O Grupo de Acção Financeira (GAFI) coloca a Turquia na lista cinzenta. Com isto, o organismo internacional mais importante contra o branqueamento de capitais está a prejudicar o país exactamente na altura errada. As razões são extremamente excitantes – e mostram porque é que o Bitcoin se tornou tão necessário na Turquia.

As organizações internacionais não são médicos. Eles não conhecem o princípio de não prejudicar quando ajudam. Em vez disso, são guiados apenas pelos seus próprios padrões: Estes decidem quando é altura de intervir, determinam como uma intervenção deve ser concebida, e julgam se foi bem sucedida.

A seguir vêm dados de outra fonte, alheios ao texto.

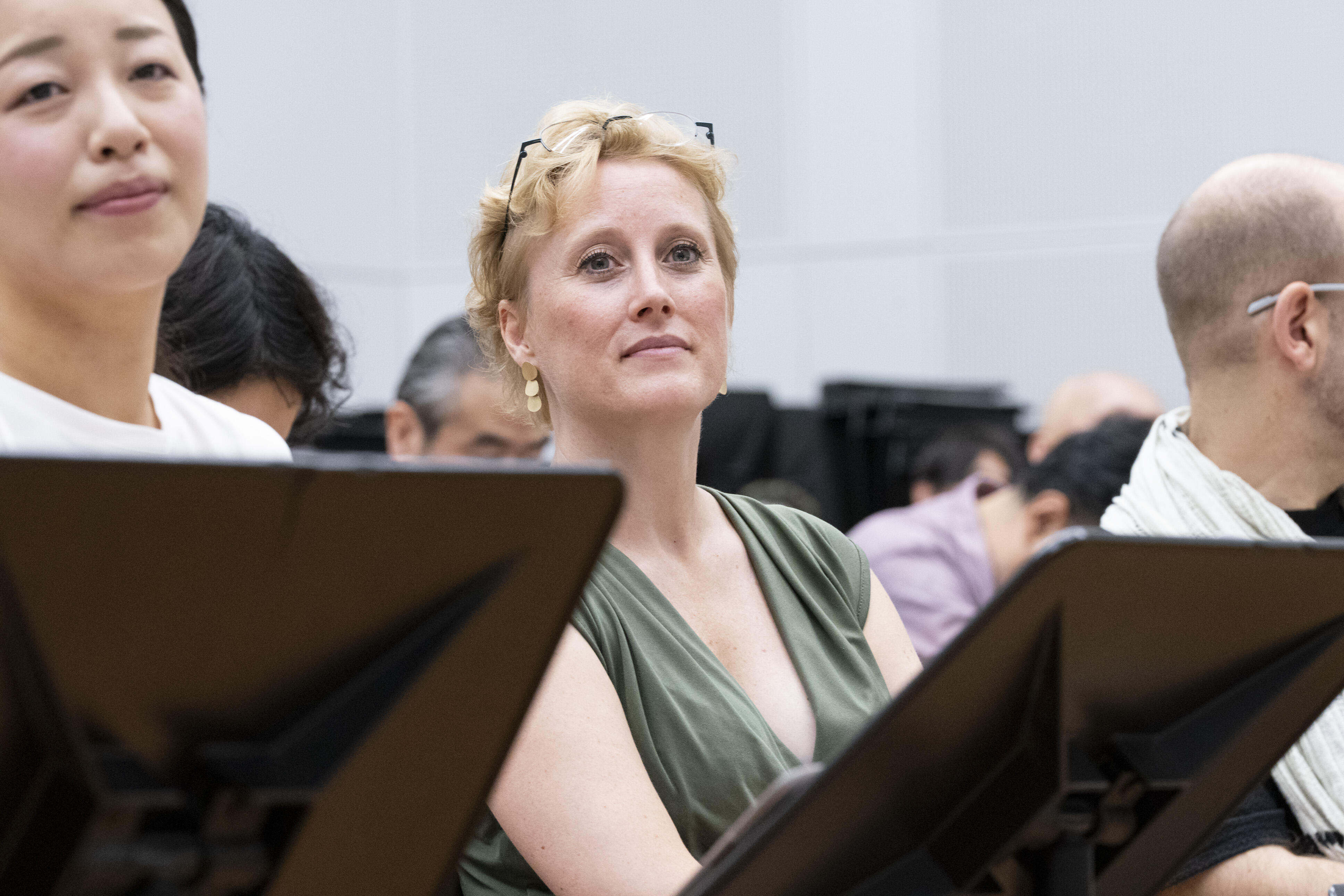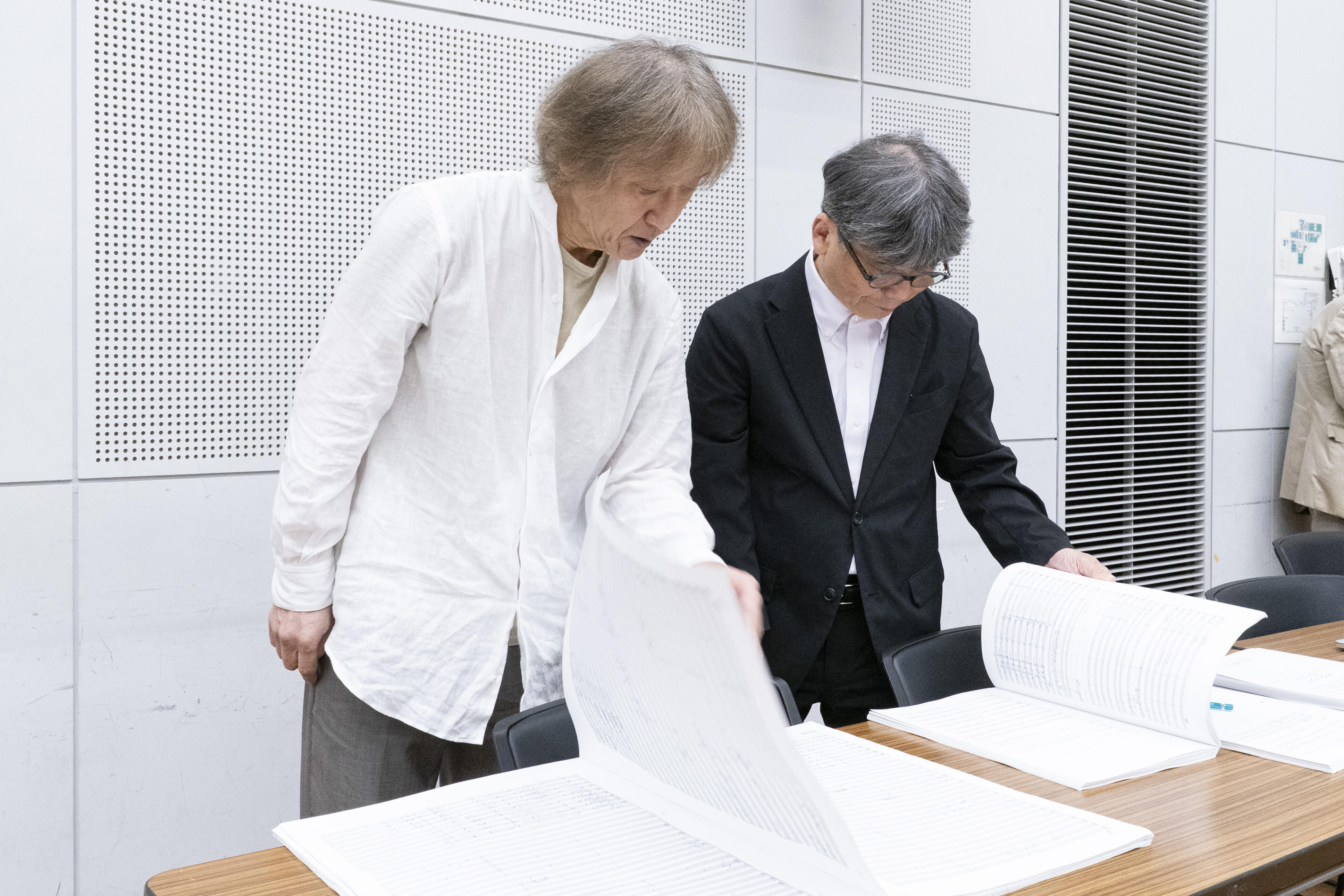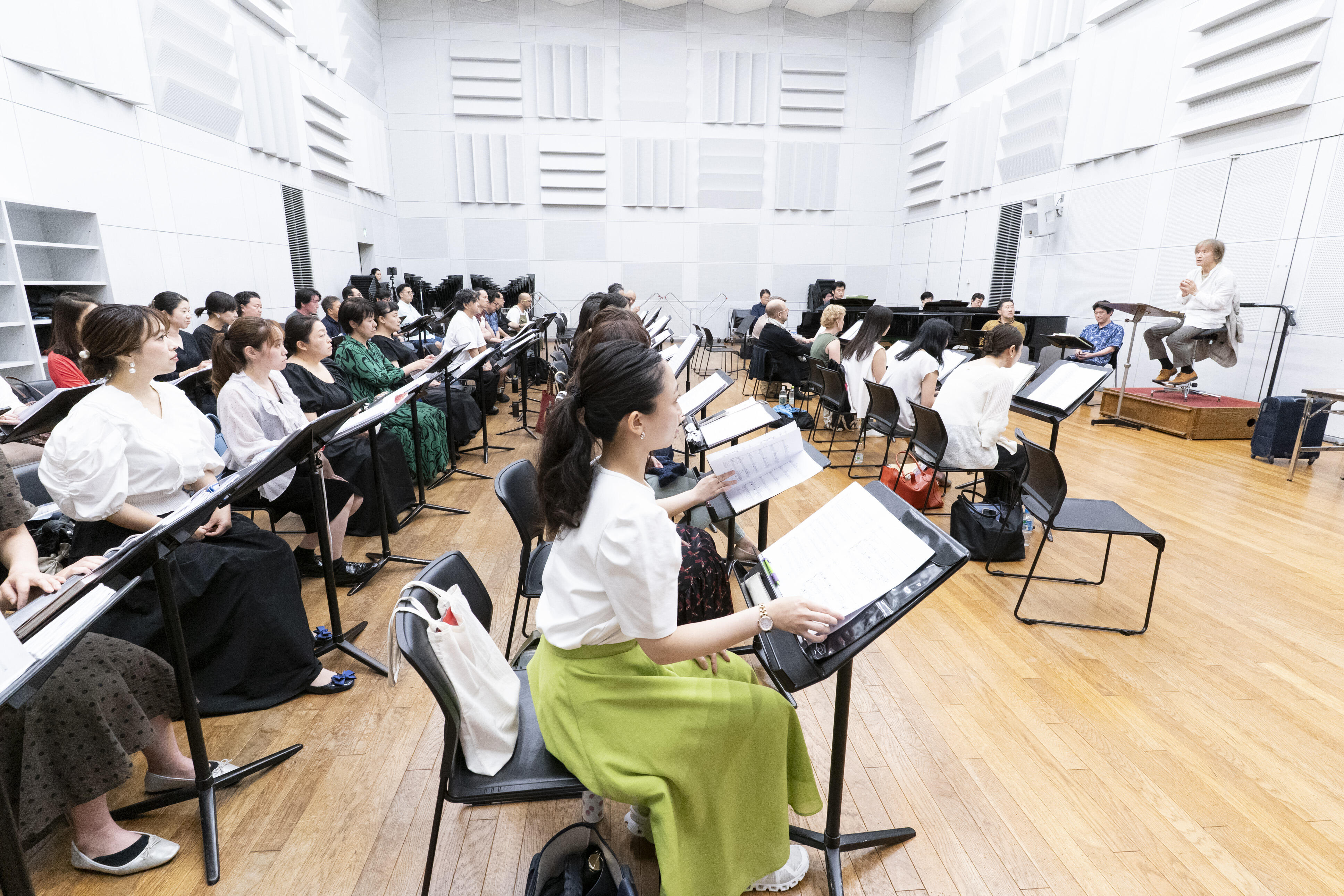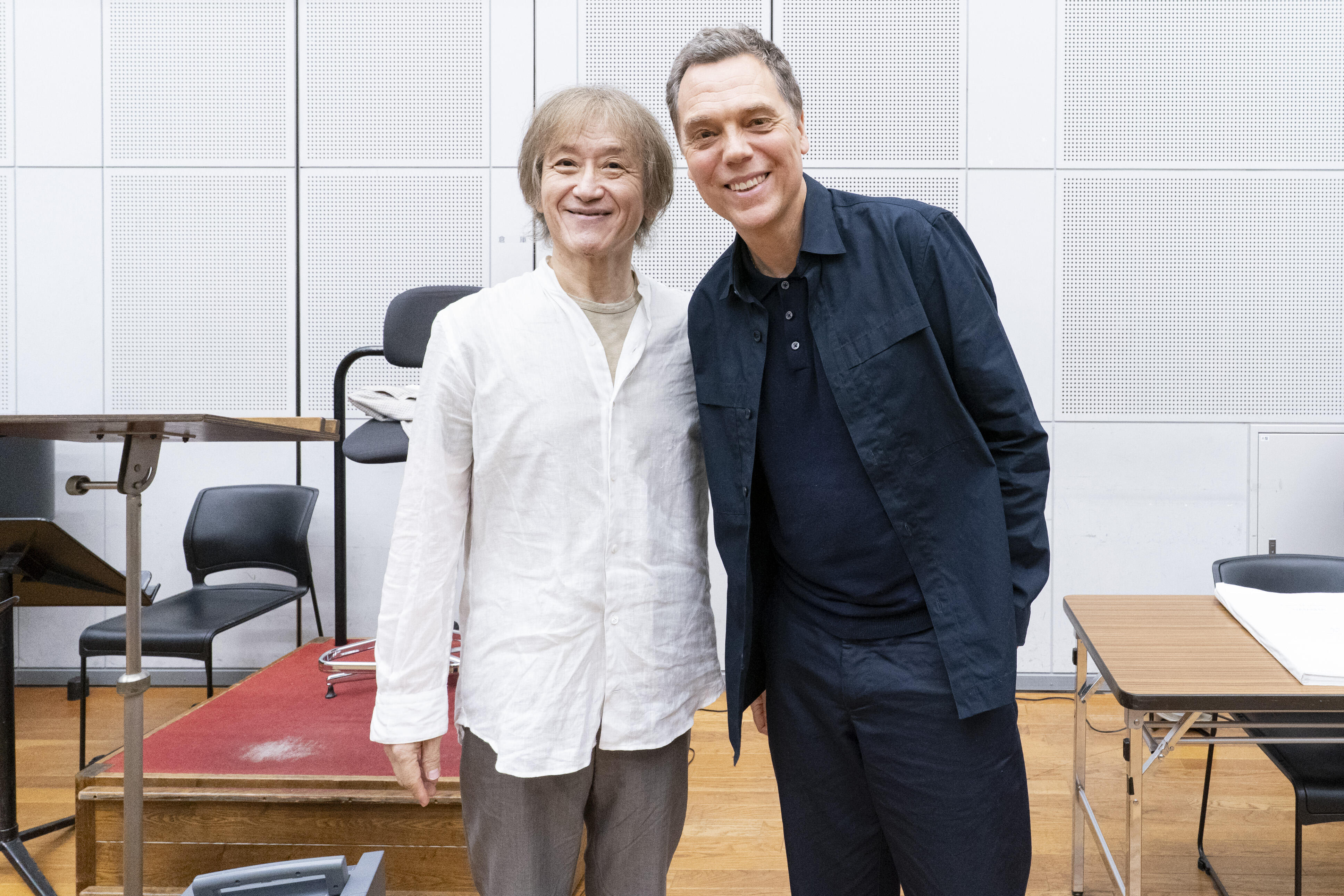 新国立劇場リハーサル室には、『ナターシャ』を作曲した細川俊夫、この作品を指揮する大野和士オペラ芸術監督、演出家のクリスティアン・レートをはじめ続々と来日したクリエイティブ・スタッフ、電子音響の有馬純寿、キャストとダンサー・助演、新国立劇場合唱団が一堂に会し、台本の多和田葉子もベルリンからリモートで参加して、顔合わせが行われました。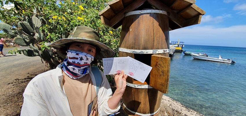 위치는 북쪽의 포스트오피스 베이 Post Office Bay지만 관광객들을 위해 벨라스코 이바라 항에도 우편함을 만들어 놓은 것이었다. 갈라파고스에서 엽서를 부치고 싶었던 일행 중 한 명은 여기에 엽서를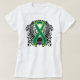 La cinta verde teal y lima con alas de ángel y un patrón filigrana. Esta cinta representa la Fibrosis Pulmonar. La Conciencia de la Fibrosis Pulmonar es en septiembre.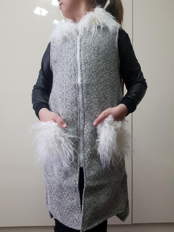 Дитяча жилетка з пальтової тканини без підкладу. Екохутро на рукавах та кишенях. В наявності є на вік від 7 до 12 років. Заміри Скину, звертайтесь)
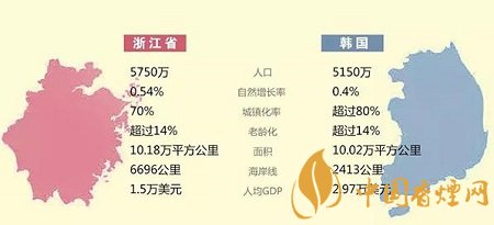 之所以选取韩国烟草与浙江烟草做比较,一个基本的依据是韩国与我国浙江省的人口、陆地面积等基本属性“差不多”。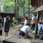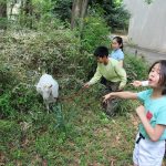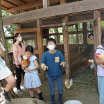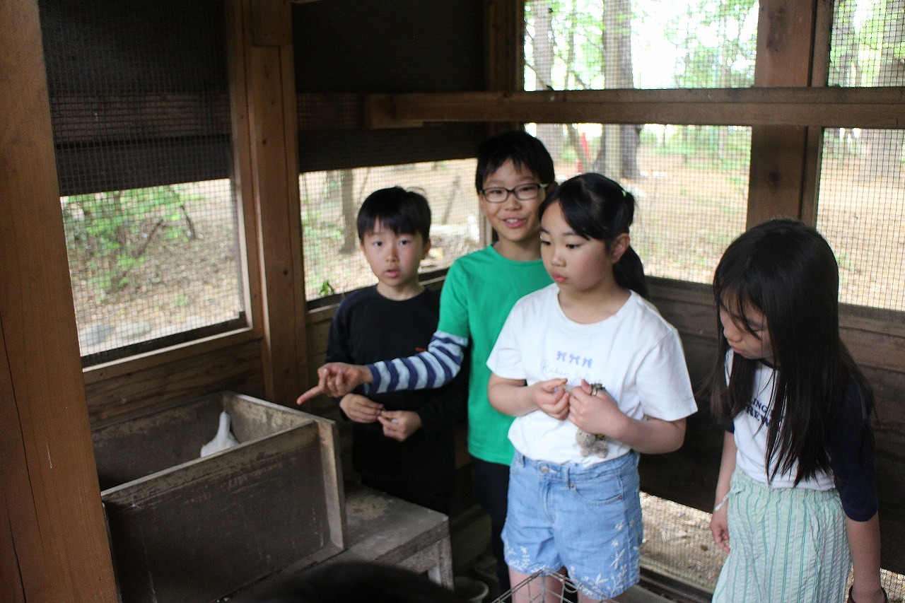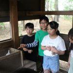 朝から準備万端で飼育小屋に集まる子どもたち。

Deste ponto de vista, o GAFI não teve culpa quando a taxa de câmbio da lira turca mergulhou temporariamente em mais de 5% em poucos dias – após o organismo supranacional contra o branqueamento de capitais ter colocado o país na sua lista cinzenta em 21 de Outubro. Nas notícias sobre a inflação da lira, quase não se lê nada sobre esta decisão do GAFI, mas muito, como sempre, sobre o Presidente Erdogan e a sua política monetária errante.


Aquando conseguir um lugar na lista cinzenta do GAFI é tudo menos uma banalidade. A instituição supranacional irá monitorizar o país mais de perto no futuro, e a Turquia deve apresentar rapidamente um plano de implementação sobre a forma como planeia remediar as deficiências nas medidas contra o branqueamento de capitais e o financiamento do terrorismo. Mais prejudicial ainda, porém, é o facto de as empresas que comerciam com parceiros comerciais turcos estarem agora sujeitas a uma diligência mais minuciosa.

Ainda em Maio deste ano, o Fundo Monetário Internacional (FMI) confirmou, através de um estudo, que uma lista cinzenta do GAFI tem “um grande e significativo efeito negativo” nas entradas de capital de um país listado: Os fluxos de capitais recebidos – tanto de investimento estrangeiro como de remessas bancárias – caíram num total de 7,6% do produto nacional bruto.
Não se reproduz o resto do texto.